» Work required
Span requested from the data below: the line with "Viva com mais" through the line with "BSL Women Linen", both included. Give only these lines again, exactly, and leave every picture out.

» Source information
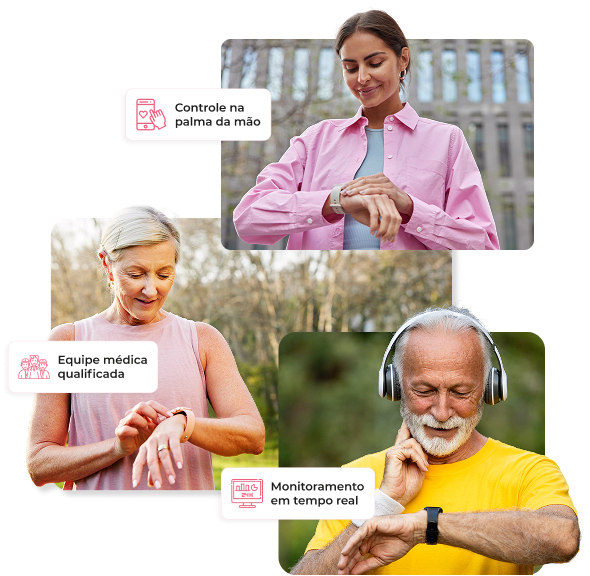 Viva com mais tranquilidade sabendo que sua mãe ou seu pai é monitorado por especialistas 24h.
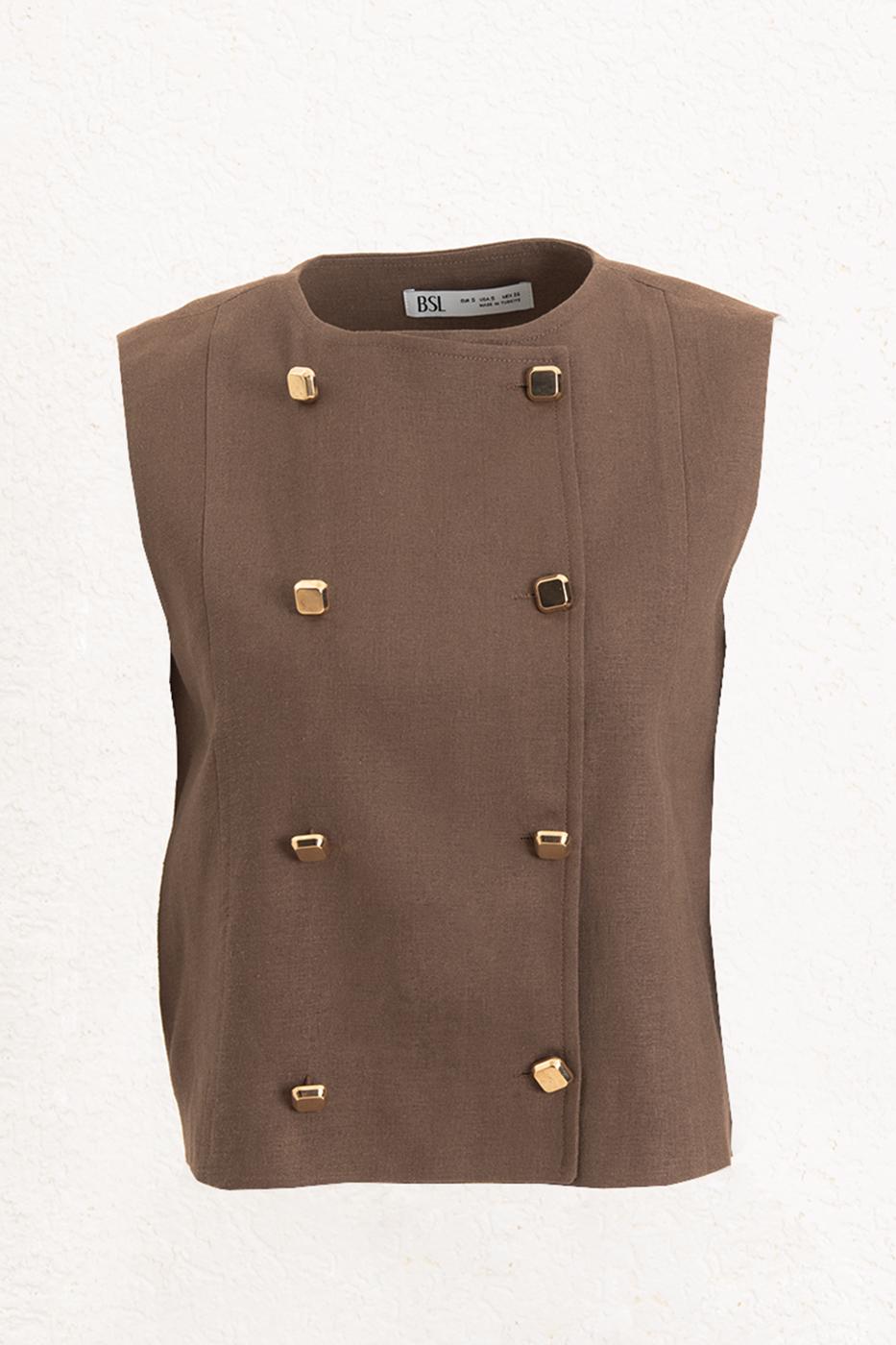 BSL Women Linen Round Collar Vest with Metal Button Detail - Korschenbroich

--

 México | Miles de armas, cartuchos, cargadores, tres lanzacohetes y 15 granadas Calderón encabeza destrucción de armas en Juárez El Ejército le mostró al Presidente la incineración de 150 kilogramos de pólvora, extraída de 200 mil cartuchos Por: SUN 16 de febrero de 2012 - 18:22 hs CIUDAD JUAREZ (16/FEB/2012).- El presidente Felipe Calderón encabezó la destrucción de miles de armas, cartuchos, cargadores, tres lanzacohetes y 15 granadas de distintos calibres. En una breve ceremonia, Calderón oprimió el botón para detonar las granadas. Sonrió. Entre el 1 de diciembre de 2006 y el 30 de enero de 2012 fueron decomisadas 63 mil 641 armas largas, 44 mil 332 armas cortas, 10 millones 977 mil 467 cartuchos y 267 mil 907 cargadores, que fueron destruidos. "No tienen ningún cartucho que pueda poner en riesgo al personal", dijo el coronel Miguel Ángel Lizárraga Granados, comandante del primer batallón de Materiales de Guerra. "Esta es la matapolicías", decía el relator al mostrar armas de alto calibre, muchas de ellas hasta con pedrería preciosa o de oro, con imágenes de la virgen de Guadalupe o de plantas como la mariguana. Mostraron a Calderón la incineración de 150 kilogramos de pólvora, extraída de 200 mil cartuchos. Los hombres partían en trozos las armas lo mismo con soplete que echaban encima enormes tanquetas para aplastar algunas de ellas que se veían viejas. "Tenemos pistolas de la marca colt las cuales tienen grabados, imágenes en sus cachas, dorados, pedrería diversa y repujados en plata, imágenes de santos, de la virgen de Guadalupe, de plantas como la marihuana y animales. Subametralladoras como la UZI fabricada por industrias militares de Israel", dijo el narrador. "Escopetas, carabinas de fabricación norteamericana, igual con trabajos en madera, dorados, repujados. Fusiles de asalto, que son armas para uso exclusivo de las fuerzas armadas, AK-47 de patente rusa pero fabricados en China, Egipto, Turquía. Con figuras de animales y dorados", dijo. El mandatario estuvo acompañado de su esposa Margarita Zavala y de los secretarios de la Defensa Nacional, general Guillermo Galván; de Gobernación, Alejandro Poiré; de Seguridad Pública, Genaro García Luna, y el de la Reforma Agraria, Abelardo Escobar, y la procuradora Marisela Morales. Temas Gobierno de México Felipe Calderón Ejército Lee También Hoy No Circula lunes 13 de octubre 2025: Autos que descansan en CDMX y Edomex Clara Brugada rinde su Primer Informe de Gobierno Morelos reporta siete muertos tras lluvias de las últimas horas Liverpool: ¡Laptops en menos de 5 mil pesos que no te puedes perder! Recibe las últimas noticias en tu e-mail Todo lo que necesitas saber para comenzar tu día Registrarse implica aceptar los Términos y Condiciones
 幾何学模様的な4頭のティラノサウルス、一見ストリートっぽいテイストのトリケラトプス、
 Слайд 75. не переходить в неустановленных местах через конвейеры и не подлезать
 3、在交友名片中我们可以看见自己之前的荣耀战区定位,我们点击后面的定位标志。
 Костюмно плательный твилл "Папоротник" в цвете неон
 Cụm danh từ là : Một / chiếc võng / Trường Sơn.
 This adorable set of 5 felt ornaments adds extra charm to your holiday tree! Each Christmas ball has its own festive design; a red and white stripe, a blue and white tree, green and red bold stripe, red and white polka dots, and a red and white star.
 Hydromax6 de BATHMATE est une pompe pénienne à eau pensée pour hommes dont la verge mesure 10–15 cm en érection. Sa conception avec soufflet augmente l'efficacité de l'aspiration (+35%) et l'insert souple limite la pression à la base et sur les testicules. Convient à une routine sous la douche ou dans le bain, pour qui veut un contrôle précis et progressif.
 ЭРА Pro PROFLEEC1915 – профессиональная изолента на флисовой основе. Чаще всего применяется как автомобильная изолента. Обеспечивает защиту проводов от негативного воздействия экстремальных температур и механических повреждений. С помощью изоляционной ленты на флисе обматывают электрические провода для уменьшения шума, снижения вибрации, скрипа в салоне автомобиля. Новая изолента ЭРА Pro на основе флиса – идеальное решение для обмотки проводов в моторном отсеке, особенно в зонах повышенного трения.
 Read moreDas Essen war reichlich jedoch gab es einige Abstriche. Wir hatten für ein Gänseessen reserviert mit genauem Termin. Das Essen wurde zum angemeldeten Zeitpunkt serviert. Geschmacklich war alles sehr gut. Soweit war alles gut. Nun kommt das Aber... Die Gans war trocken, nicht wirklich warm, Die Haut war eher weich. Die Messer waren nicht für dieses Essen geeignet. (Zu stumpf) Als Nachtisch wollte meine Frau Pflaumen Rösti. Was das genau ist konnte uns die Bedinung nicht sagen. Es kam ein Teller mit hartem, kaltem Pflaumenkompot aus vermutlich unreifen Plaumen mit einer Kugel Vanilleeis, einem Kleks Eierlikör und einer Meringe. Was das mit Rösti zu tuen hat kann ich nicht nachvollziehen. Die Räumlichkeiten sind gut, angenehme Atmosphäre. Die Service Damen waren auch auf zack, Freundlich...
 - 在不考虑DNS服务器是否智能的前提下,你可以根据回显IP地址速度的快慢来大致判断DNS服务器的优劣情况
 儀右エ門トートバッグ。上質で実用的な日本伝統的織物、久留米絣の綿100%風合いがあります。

* * *

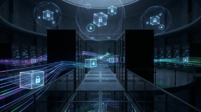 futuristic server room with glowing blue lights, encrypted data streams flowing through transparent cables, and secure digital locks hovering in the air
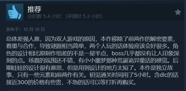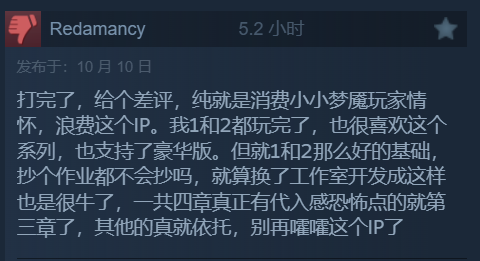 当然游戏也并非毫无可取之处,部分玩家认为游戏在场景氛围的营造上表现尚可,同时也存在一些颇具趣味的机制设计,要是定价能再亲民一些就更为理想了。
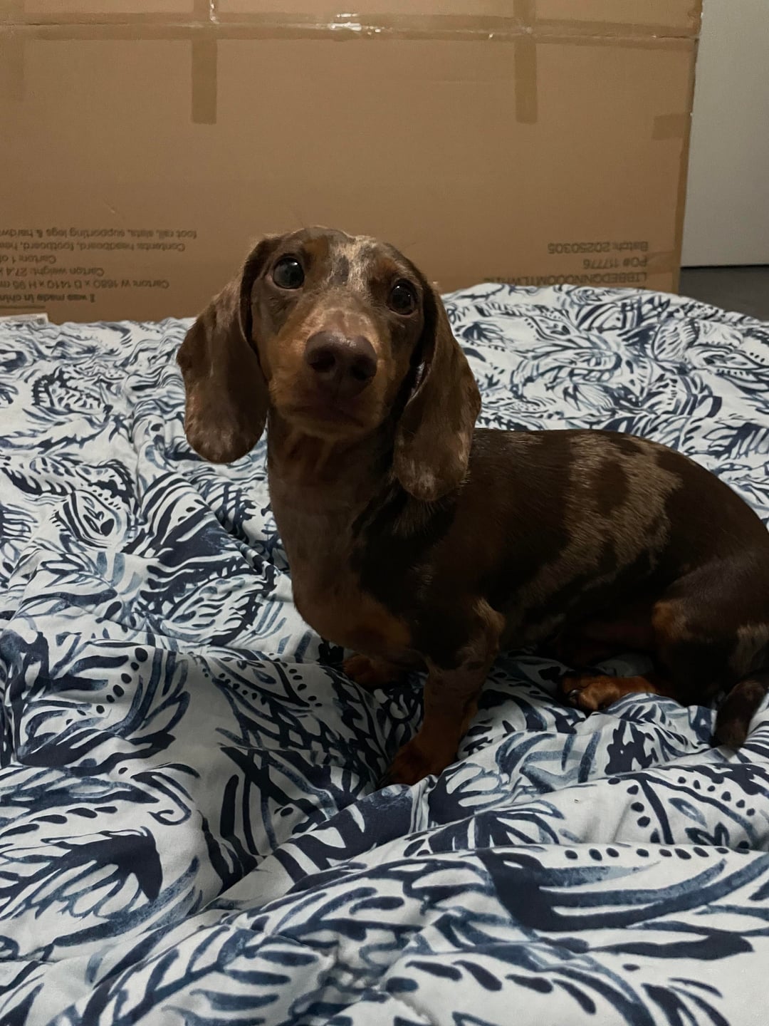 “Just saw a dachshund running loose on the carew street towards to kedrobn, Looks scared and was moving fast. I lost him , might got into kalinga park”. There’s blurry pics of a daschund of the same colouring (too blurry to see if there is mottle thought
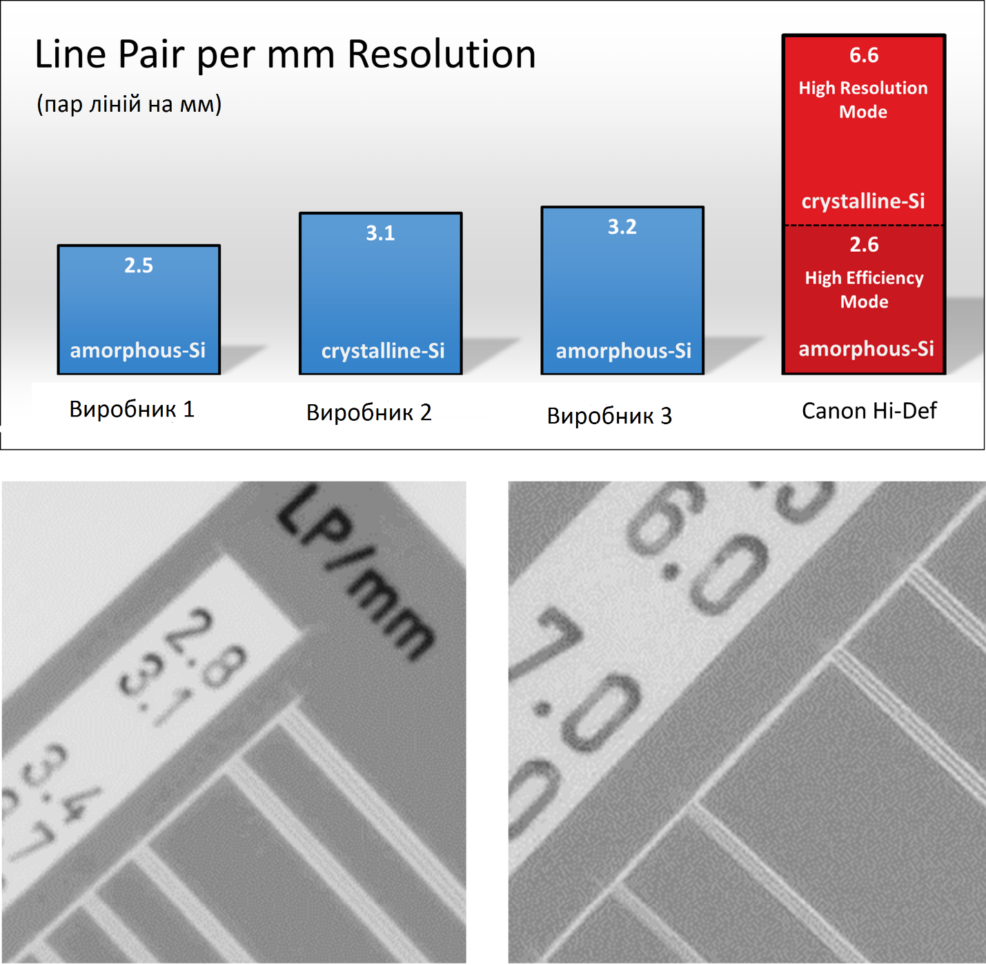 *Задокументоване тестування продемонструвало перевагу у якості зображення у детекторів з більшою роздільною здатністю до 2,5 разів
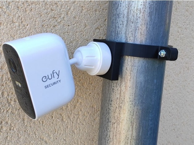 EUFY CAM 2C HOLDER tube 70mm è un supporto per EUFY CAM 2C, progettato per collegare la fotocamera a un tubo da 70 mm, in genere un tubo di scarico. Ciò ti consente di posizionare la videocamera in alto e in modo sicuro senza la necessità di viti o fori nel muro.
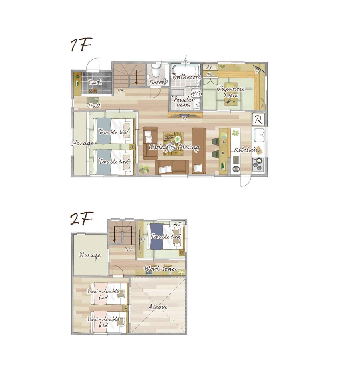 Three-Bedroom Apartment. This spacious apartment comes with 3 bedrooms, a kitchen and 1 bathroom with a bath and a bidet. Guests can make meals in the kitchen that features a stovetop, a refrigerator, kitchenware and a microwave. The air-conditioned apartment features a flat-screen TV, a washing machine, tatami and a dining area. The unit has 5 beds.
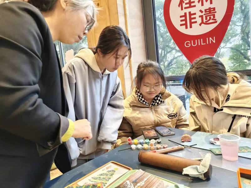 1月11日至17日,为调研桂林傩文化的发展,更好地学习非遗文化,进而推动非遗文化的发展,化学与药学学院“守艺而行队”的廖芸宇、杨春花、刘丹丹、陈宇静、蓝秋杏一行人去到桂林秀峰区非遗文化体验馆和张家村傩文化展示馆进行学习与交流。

» Answer section
 Viva com mais tranquilidade sabendo que sua mãe ou seu pai é monitorado por especialistas 24h.
 BSL Women Linen Round Collar Vest with Metal Button Detail - Korschenbroich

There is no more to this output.